Jove
Visualize
Contact Us
JoVE
x logofacebook logolinkedin logoyoutube logo
ABOUT JoVE
OverviewLeadershipBlogJoVE Help Center
AUTHORS
Publishing ProcessEditorial BoardScope & PoliciesPeer ReviewFAQSubmit
LIBRARIANS
TestimonialsSubscriptionsAccessResourcesLibrary Advisory BoardFAQ
RESEARCH
JoVE JournalMethods CollectionsJoVE Encyclopedia of ExperimentsArchive
EDUCATION
JoVE CoreJoVE BusinessJoVE Science EducationJoVE Lab ManualFaculty Resource CenterFaculty Site
Terms & Conditions of Use
Privacy Policy
Policies

Related Experiment Videos

Selective Influence and Response Time Cumulative Distribution Functions in Serial-Parallel Task Networks.

Schweickert1, Giorgini, Dzhafarov

  • 1Purdue University

Journal of Mathematical Psychology
|January 3, 2001
PubMed
Summary
This summary is machine-generated.

Related Concept Videos

You might also read

Related Articles

Articles linked to this work by shared authors, journal, and citation graph.

Sort by
Same author

Radio science results during the NEAR-shoemaker spacecraft rendezvous with eros

Science (New York, N.Y.)·2000
Same author

Radar observations of asteroid 216 kleopatra

Science (New York, N.Y.)·2000
Same author

Double Skew-Dual Scaling: A Conjoint Scaling of Two Sets of Objects Related by a Dominance Matrix.

Journal of mathematical psychology·1999
Same author

Radar and optical observations of asteroid 1998 KY26

Science (New York, N.Y.)·1999
Same author

Estimating the mass of asteroid 433 eros during the NEAR spacecraft flyby

Science (New York, N.Y.)·1999
Same author

Conditionally Selective Dependence of Random Variables on External Factors.

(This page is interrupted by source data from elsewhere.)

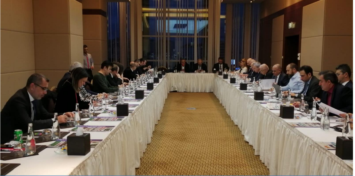
11. Türkiye Enerji Zirvesi 1. Danışma Kurulu toplandı
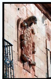
La maison de l'aigle
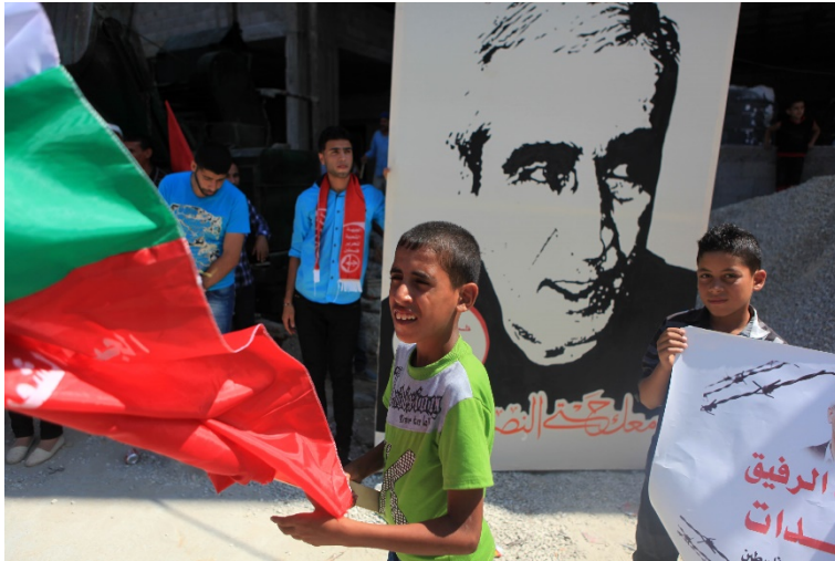
Des partisans palestiniens du Front Populaire de libération de la Palestine (FPLP) participent à une manifestation devant les bureaux du PNUD pour demander la libération d'Ahmad Sa'adat, dirigeant du FPLP, à Gaza, le 29 juillet 2015.
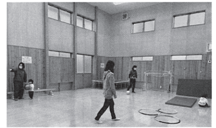
広いホールで元気いっぱい♪
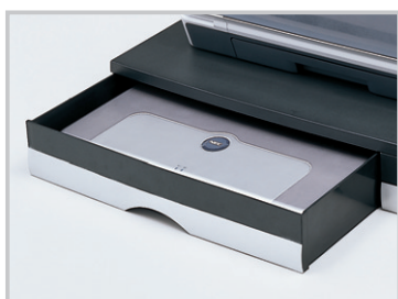
A4ノートパソコン収納可能
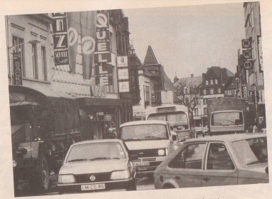
2 ... ist die Autopartei an den Wahlstart gesprintet.
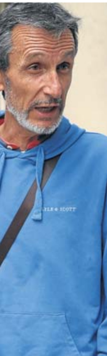
minación laboral por su edad.
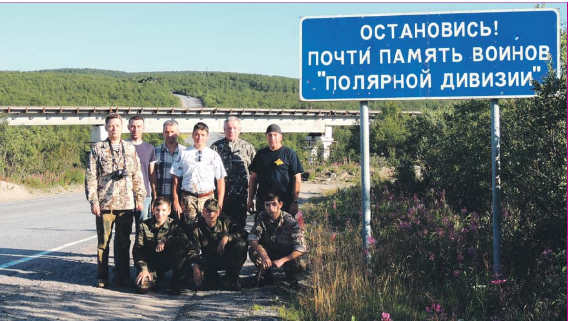
Дальше немец не прошел! Чертов перевал. 60 км от Мурманска, 2013 г.

сопки, надо быть предельно осторожным, внимательным и строго соблюдать дисциплину».
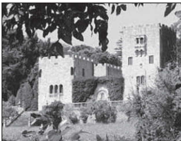
El pazo de Meirás, la residencia veraniega de los descendientes de franco
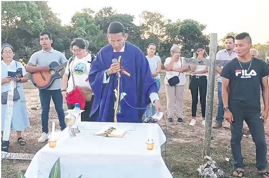
El domingo enterraron dignamente a los chimanes que murieron en el puente Rapuso
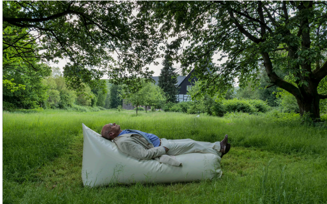
Interaktive Klanginstallation, Komposition aus Körperschall- und Ultraschallklängen, Audio-Kissen.

Die Ausstellung „sonic bonds“ greift die Geschichte der ehemaligen Schlosserei auf und entwickelt eine immersive Klanginstallation u. a. mit den Ruflauten der Werkstatt, dem „Anklingeln“ am Amboss. Der Ort, der früher durch Arbeit und Rhythmus geprägt war, wird zum Resonanzraum für Kommunikation und Empathie. Über Körperschallrezeptoren wird der ausgegebene Klang als körpernahe Wahrnehmung spürbar und zum akustischen Pendel zwischen Raum und Körper, Nähe und Distanz.
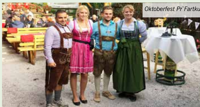
Oktoberfest Pr` Fartku
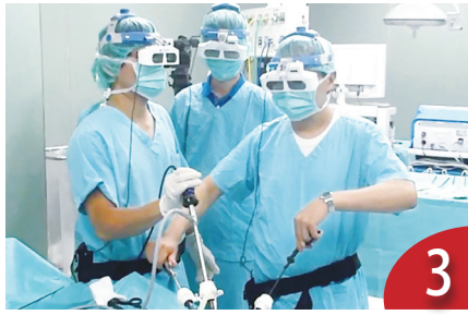
3 醫美限動刀 美容醫學會肯定政策
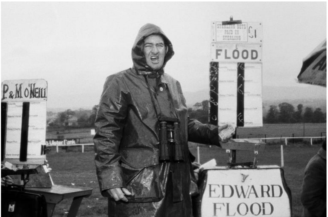
Martin Parr, Sligo races, Ireland, 1981.

Ho sempre sostenuto che definiamo chi siamo da ciò che facciamo nel nostro tempo libero. Il mio grande progetto di vita è il tempo libero del mondo occidentale, e il tennis e lo sport si aggiungono a questo.
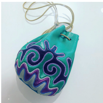
ООО «Сахтиан». Сумочка «Янчык». 2010-е гг.
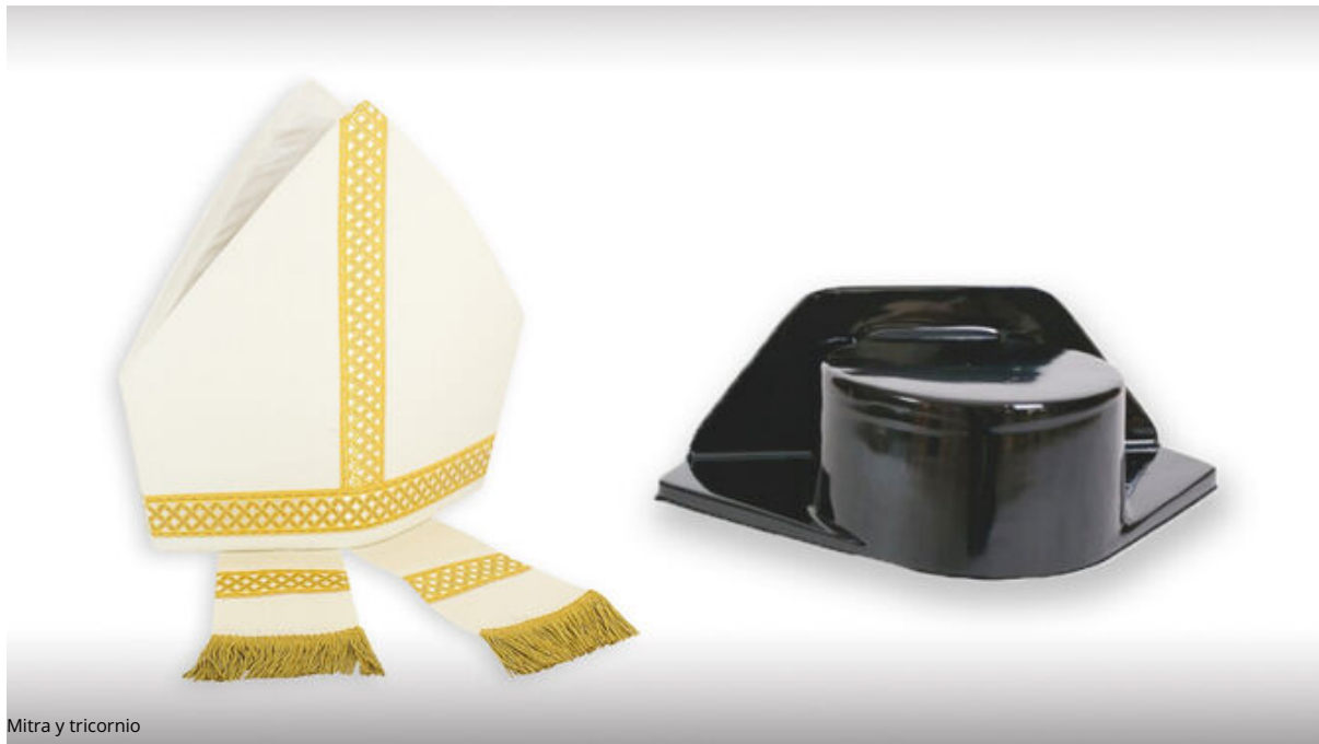
Mitra y tricornio

Y lo primero que hay que destacar es que, tanto "mitra", como "tricornio" , en la elaboración-formulación de su etimología, tuvieron mucho que ver con los "cuernos" . En las culturas- todas ellas "religiosizadas"-, los cuernos se encuentran presentes y activos con legitimidad y sin reparo humano o divino de ninguna condición o clase.
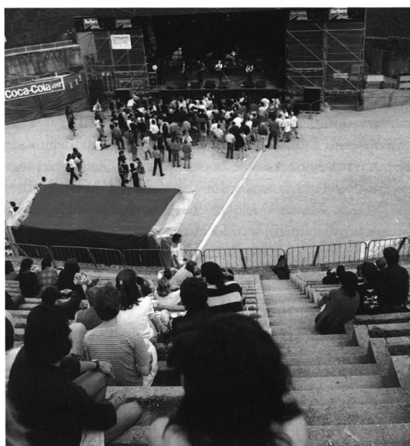
Fig. 2. Concert de RockOz'Arènes.

représentations de la Traviata de G. Verdi, de deux représentations de La Bohème de G. Puccini et d'une soirée où fut chantée la Messa da requiem de G. Verdi. Si les deux premières de la Traviata , les 4 et 5 juillet, furent annulées en raison du mauvais temps, deux supplémentaires en furent données les 15 et 17 juillet (fig. 1). Le public, moins nombreux qu'espéré, et le budget très lourd de ce riche programme ont mis en difficulté l'Association des Arènes, qui devra sans doute transmettre à d'autres organisateurs la responsabilité de mettre sur pied, du 3 au 22 juillet 1998, le 4 e festival, avec au programme Turandot de G. Puccini et Le Barbier de Séville de G. Rossini.
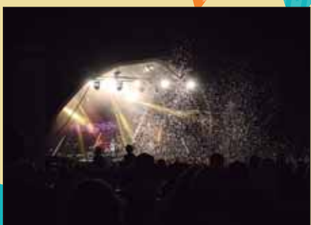
Concerts a l'Espai Nits la Doma
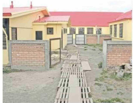
La Escuela Bernardo O'Higgins, que sufre hacinamiento, forma parte de las iniciativas que esperan recibir aportes del Pedze en Porvenir.

mirada de un Estado centralista y sin visión”. Estimó que “estas acciones inconsultas, muestran claramente el distanciamiento del actual ejecutivo con los gobiernos regionales”, que a su juicio “es un retroceso gigante en cómo se ve el Estado de Chile”.
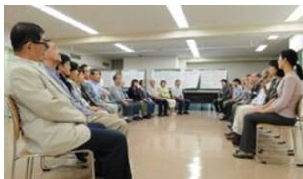
全体での振り返り 全参加者が意見・感想等を述べている。
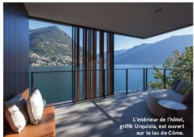
L'intérieur de l'hôtel, griffé Urquiola, est ouvert sur le lac de Côme.

Situé près du petit village de Torno, l'hôtel « Sereno Lago di Como » est l'une des nouvelles adresses les plus renommées et branchées de la région. Membre des Leading Hotels of the World ( www.lhw.com ), il contraste drastiquement avec les autres établissements cinq étoiles du lac par sa modernité et son design déroutant. Situé au bord de l'eau,
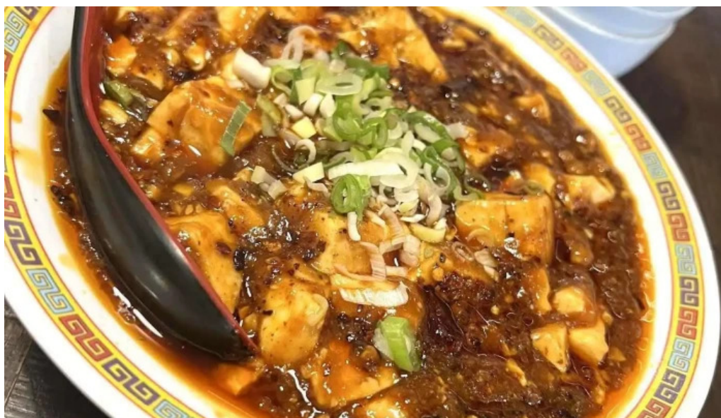
本格四川料理 華洋 2号店 麻婆豆腐
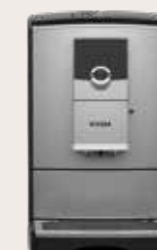
NICR 7'95 Titanium/Chroom
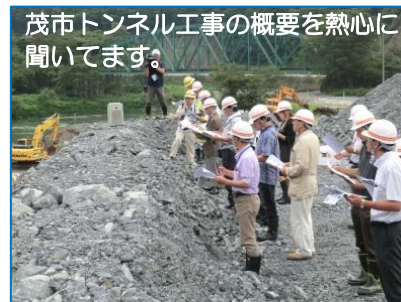
茂市トンネル工事の概要を熱心に聞いています。
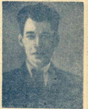
труженика, горячность сердца.

заведующий отделом агитации и пропаганды горкома ВЛКСМ, а затем горкома партии, и как руководитель лекторской группы обкома КПСС, и как преподаватель вуза. Во всех его делах всегда проявляется неутомимость
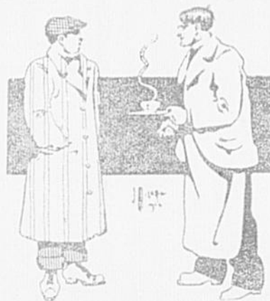
Dessin de M. Millette.

—Votre état? —Professeur de joune, Monsieur.
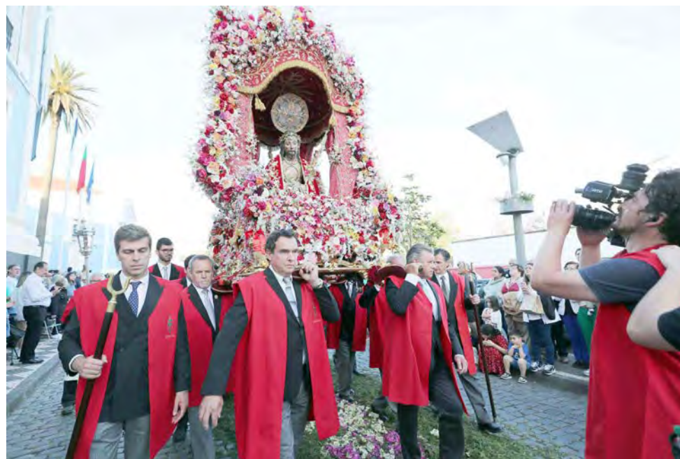
O andor com a imagem do Senhor Santo Cristo dos Milagres em Ponta Delgada, São Miguel, transportado por conhecidos empresários lusoamericanos da Nova Inglaterra.

de relevância na parada do 4 de julho em Bristol
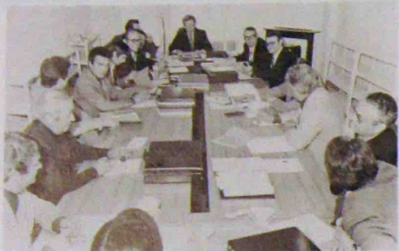
Pendant une séance de travail à Planèze

Le but en était de faire le point sur les résultats obtenus lors de la précédente campagne et de définir les nouvelles
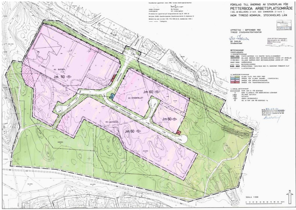
Plankarta, detaljplan 199

I gällande detaljplan är området för upphävandet planlagt som allmän plats för parkändamål.
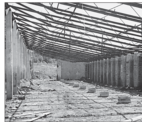
Ферма «Вага» будет восстановлена к зиме.
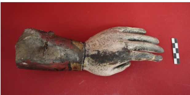
[fig. 9] Antebraço esquerdo em madeira.
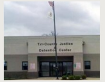
Pulaski County Detention Center

Chicago Field Office 2200 N. Seminary Ave. Woodstock, IL 60098
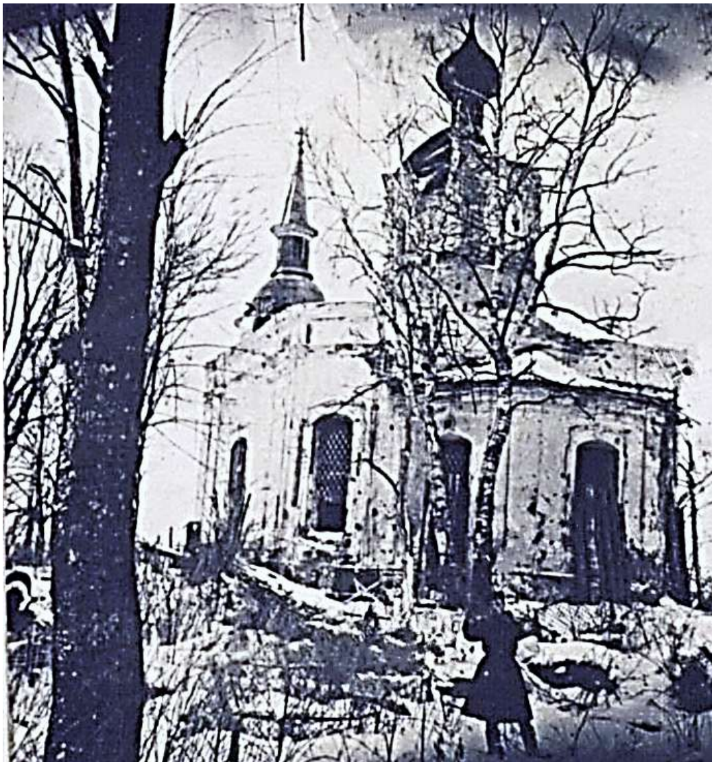
Фото 1944 гг. из фондов Новгородского областного краеведческого музея

Добавил: Михаил Мещанинов Частная коллекция. Фото 1900-х годов
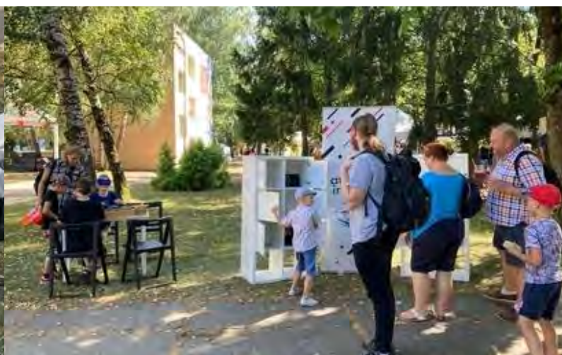
Attēli: Aktivitātes Rīgas apkaimju svētkos
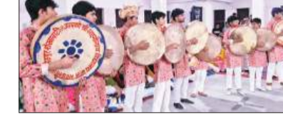
की सुरली आवाज ने लोगों को मंत्रमुग्ध किया। कार्यक्रम में राजस्थान की प्रसिद्ध दप और चंग की प्रस्तुति देने

फतेहपुर (महानगर टाइम्स संवाददाता)। फाल्गुन का महीना नजदीक आते ही शेखावाटी में जगह-जगह फागोत्सव की धूम मच जाती है। चंग और दप की थाप पर और बांसुरी की धूम में क्या बच्चे-क्या बुजुर्ग और क्या युवा, हर कोई इसे सुनने के लिए पहुंचता है। ऐसा ही जगह फतेहपुर के अमृत कृपा भवन में देखा गया। जहां फागोत्सव का आयोजन किया गया। छोटे-छोटे बच्चे जहां एक साथ चंग पर थाप देते नजर आए, वहीं बांसुरी
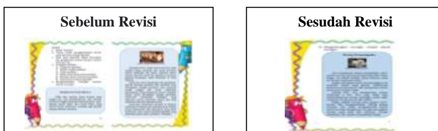
Gambar 3. Contoh Teks Deskripsi

Berikut ini salah satu tampilan pada buku panduan menulis karangan deskripsi yang telah melalui tahap revisi.
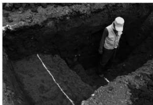
ハケ遺跡第 20 地点トレンチ 5 掘跡完掘
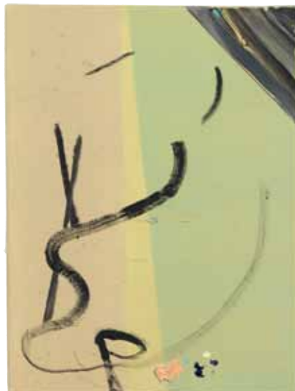
LUCKY AND UNHAPPY Öl und Lack auf Molino / oil and lacquer on molino , 40 x 30 cm, 2012

Journal of mathematical psychology·1999

Analyzing mental process networks using cumulative distribution functions reveals task structures. This method distinguishes sequential from concurrent processes and identifies AND/OR gates in directed acyclic networks, offering richer insights than mean response times.

Area of Science:

  • Cognitive psychology
  • Computational neuroscience
  • Mathematical psychology

Background:

  • Mental processes can be concurrent or sequential, forming complex networks.
  • Previous research primarily analyzed mean response times to infer process order.
  • Understanding these networks is crucial for cognitive modeling.

Purpose of the Study:

  • To extend the analysis of mental process networks beyond mean response times.
  • To investigate the utility of cumulative distribution functions (CDFs) for network analysis.
  • To differentiate between sequential and concurrent processes and identify network gate types (AND/OR) in serial-parallel networks.

Main Methods:

  • Analysis of mental processes within directed acyclic networks (DAGs).
  • Utilizing cumulative distribution functions (CDFs) of response times.

Related Experiment Videos

  • Selective manipulation of individual process durations.
  • Focusing on serial-parallel network structures.
  • Main Results:

    • Patterns in CDFs can distinguish between sequential and concurrent mental processes.
    • CDFs effectively identify the presence of AND or OR gates in task networks.
    • The CDF approach provides more detailed information than traditional mean response time analyses.
    • Existing findings based on mean response times are derivable from the CDF method.

    Conclusions:

    • Cumulative distribution functions offer a more powerful tool for analyzing mental process networks.
    • This method enhances the understanding of cognitive architecture and process interactions.
    • The findings have implications for cognitive modeling and experimental design.